Session information ``` R Under development (unstable) (2023-11-29 r85646) Platform: aarch64-apple-darwin22.5.0 Running under: macOS Ventura 13.6.1 Matrix products: default BLAS: /Users/luna/Software/R/trunk/lib/libRblas.dylib LAPACK: /Users/luna/Software/R/trunk/lib/libRlapack.dylib; LAPACK version 3.11.0 locale: [1] en_US.UTF-8/en_US.UTF-8/en_US.UTF-8/C/en_US.UTF-8/en_US.UTF-8 time zone: America/Los_Angeles tzcode source: internal attached base packages: [1] stats4 stats graphics grDevices utils datasets methods [8] base other attached packages: [1] VariantAnnotation_1.49.2 Rsamtools_2.19.2 [3] Biostrings_2.71.1 XVector_0.43.0 [5] SummarizedExperiment_1.33.1 Biobase_2.63.0 [7] GenomicRanges_1.55.1 GenomeInfoDb_1.39.5 [9] IRanges_2.37.0 S4Vectors_0.41.3 [11] MatrixGenerics_1.15.0 matrixStats_1.2.0 [13] BiocGenerics_0.49.1 loaded via a namespace (and not attached): [1] KEGGREST_1.43.0 rjson_0.2.21 lattice_0.22-5 [4] vctrs_0.6.5 tools_4.4.0 bitops_1.0-7 [7] generics_0.1.3 curl_5.2.0 parallel_4.4.0 [10] tibble_3.2.1 fansi_1.0.6 AnnotationDbi_1.65.2 [13] RSQLite_2.3.4 blob_1.2.4 pkgconfig_2.0.3 [16] Matrix_1.6-4 BSgenome_1.71.1 dbplyr_2.4.0 [19] lifecycle_1.0.4 GenomeInfoDbData_1.2.11 compiler_4.4.0 [22] stringr_1.5.1 progress_1.2.3 codetools_0.2-19 [25] yaml_2.3.8 RCurl_1.98-1.13 pillar_1.9.0 [28] crayon_1.5.2 BiocParallel_1.37.0 DelayedArray_0.29.0 [31] cachem_1.0.8 abind_1.4-5 tidyselect_1.2.0 [34] digest_0.6.33 stringi_1.8.3 restfulr_0.0.15 [37] dplyr_1.1.4 biomaRt_2.59.0 fastmap_1.1.1 [40] grid_4.4.0 cli_3.6.2 SparseArray_1.3.2 [43] magrittr_2.0.3 S4Arrays_1.3.1 GenomicFeatures_1.55.1 [46] XML_3.99-0.16 utf8_1.2.4 rappdirs_0.3.3 [49] filelock_1.0.3 prettyunits_1.2.0 bit64_4.0.5 [52] httr_1.4.7 bit_4.0.5 png_0.1-8 [55] hms_1.1.3 memoise_2.0.1 BiocIO_1.13.0 [58] BiocFileCache_2.11.1 rtracklayer_1.63.0 rlang_1.1.2 [61] glue_1.6.2 DBI_1.2.0 xml2_1.3.6 [64] R6_2.5.1 GenomicAlignments_1.39.0 zlibbioc_1.49.0 ```
vjcitn commented 6 months ago

I find that when bgzip compression and tabix indexing and TabixFile is used, the round trip with structural.vcf(.gz) succeeds cleanly.

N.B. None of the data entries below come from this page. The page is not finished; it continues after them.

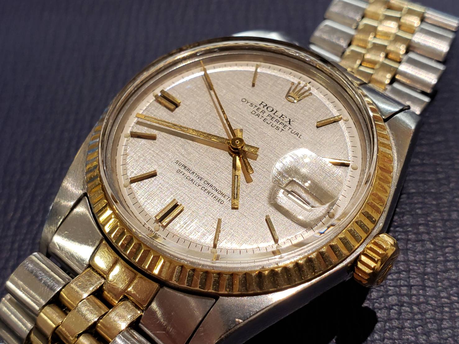ROLEXのデイトジャストでございます。 こちらアンティークのお品で、綺麗な白い絹目の文字盤とコンビケースが非常にマッチしています。 症状としてはリューズを引いても針回しが出来なくなってしまっています。 ガラス傷が多いため、ガラスの交換も承りました!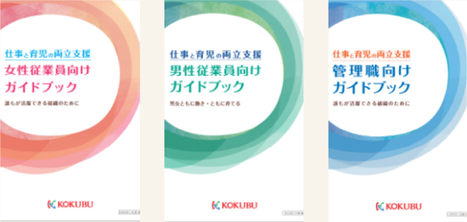 また、女性向け、男性向け、管理職向けと3種類のガイドブックを作成し、引継ぎや復帰の時期、さらには今後の目標設定など、それぞれの段階に併せて、認識を共有できるツールとして活用いただいています。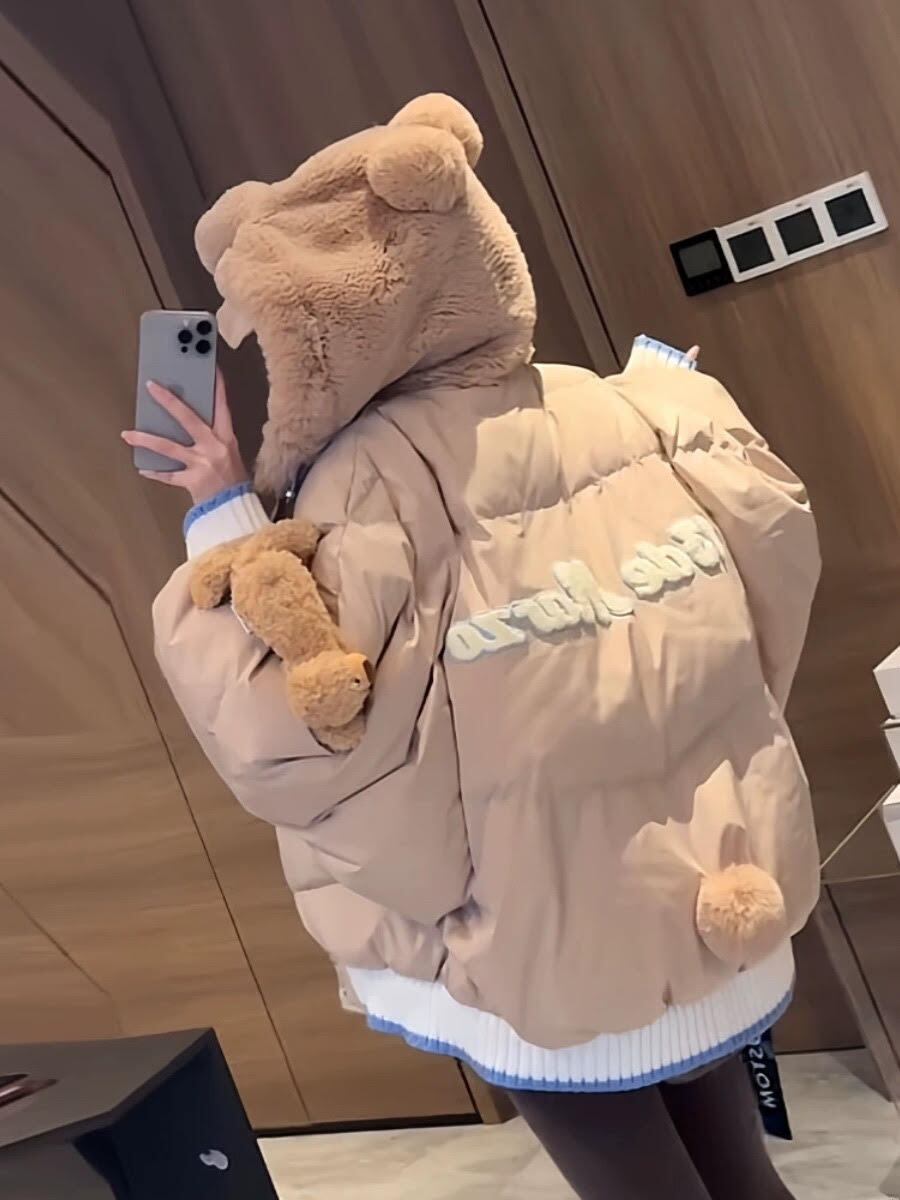 レディース ジャケット アウター ダウン ダウンジャケット ショート 長袖 フード ファスナー ポケット 前開き ジッパー 厚手 かわいい 大人可愛い きれいめ カジュアル 上品 おしゃれ かっこいい レトロ こなれ感 ラフ ガーリー ルーズ 主役級 存在感 抜け感 ラブリー キュート 学生風 熊 秋 冬 デート お出かけ お泊まり 旅行 レストラン 女子会 休日 ショッピング 韓国 オルチャン コーデ 暖かい 普段使い モテ トレンド 流行 インスタ映え 定番 S M L コーヒーブラウン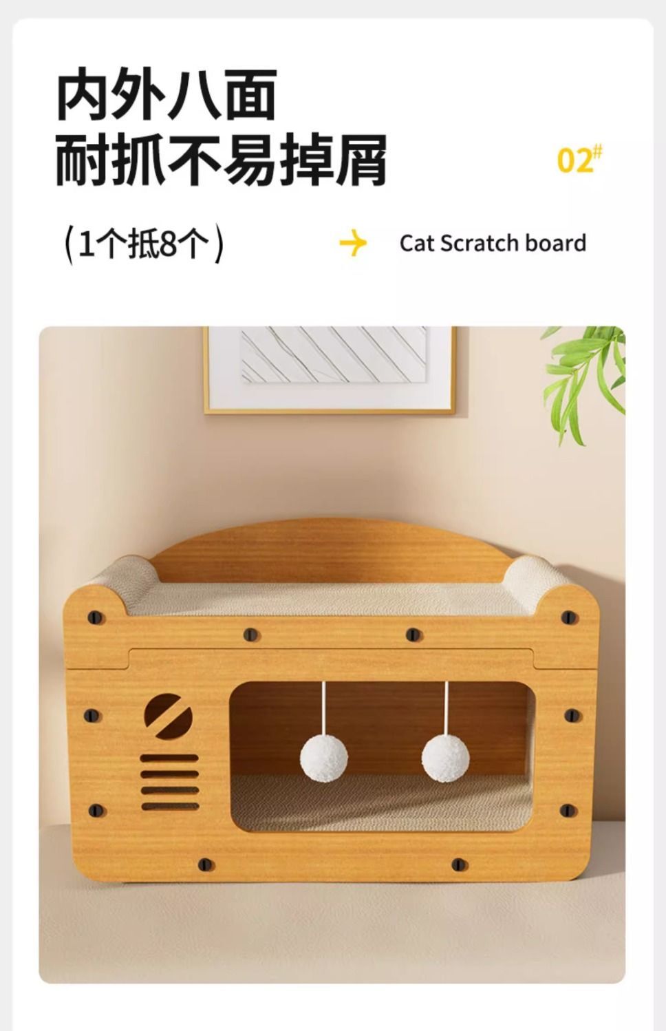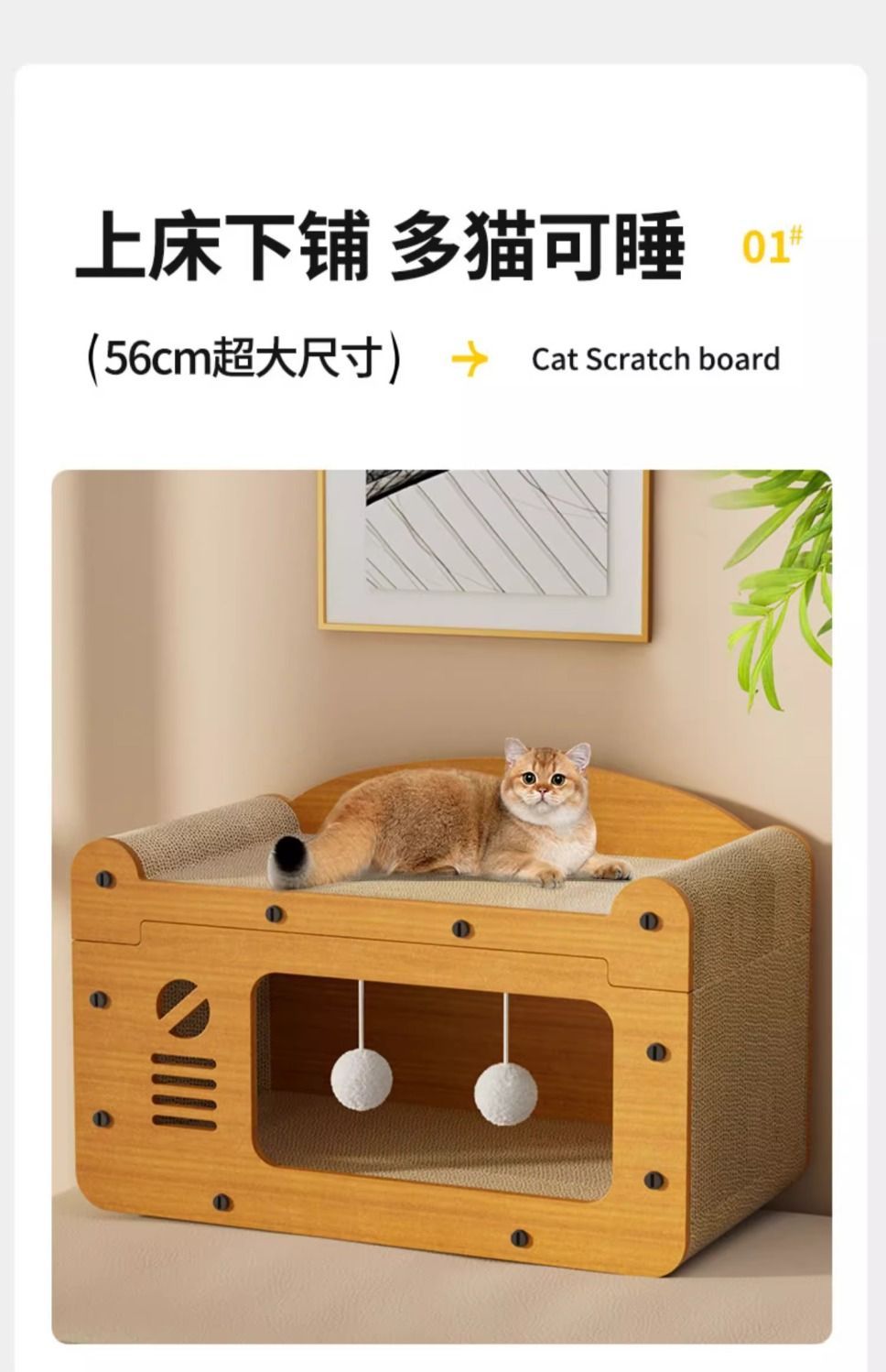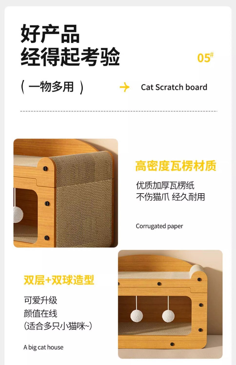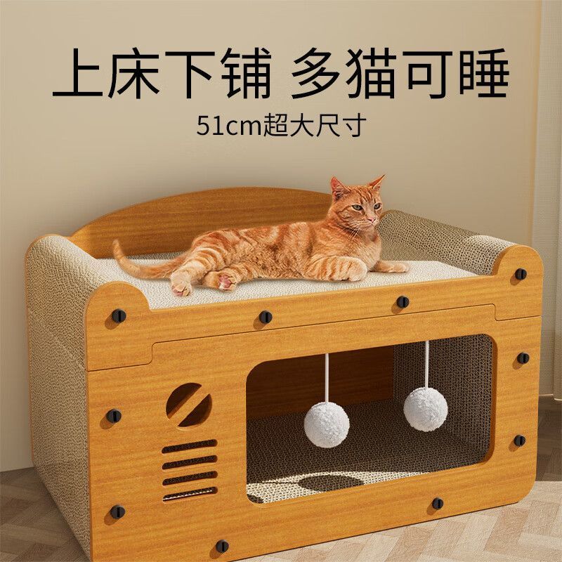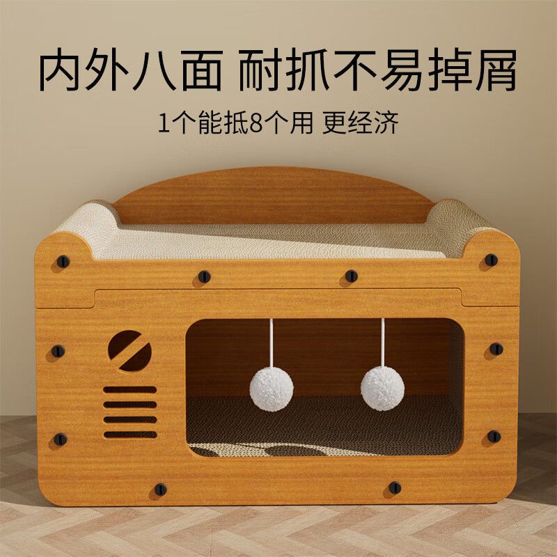 猫抓板猫窝一体耐磨不掉屑四季通用耐抓猫屋立式猫爪板多功能玩具

Can we leave it at that?

LTLA commented 6 months ago

Why can't a perfect round-trip be achieved without compression/indexing/TabixFile? These things have nothing to do with the inclusion of unnecessary ##config headers or the replacement of the fileDate.

vjcitn commented 6 months ago

I agree that failing to support round trips on our own example data is not good and should be repaired. I do think that the bgzipped/tabix context is more common for this file format so if it constitutes a workaround for you I would like to postpone diving into the internals...

LTLA commented 6 months ago

No rush, I only stumbled across this because of the alabaster.vcf tests.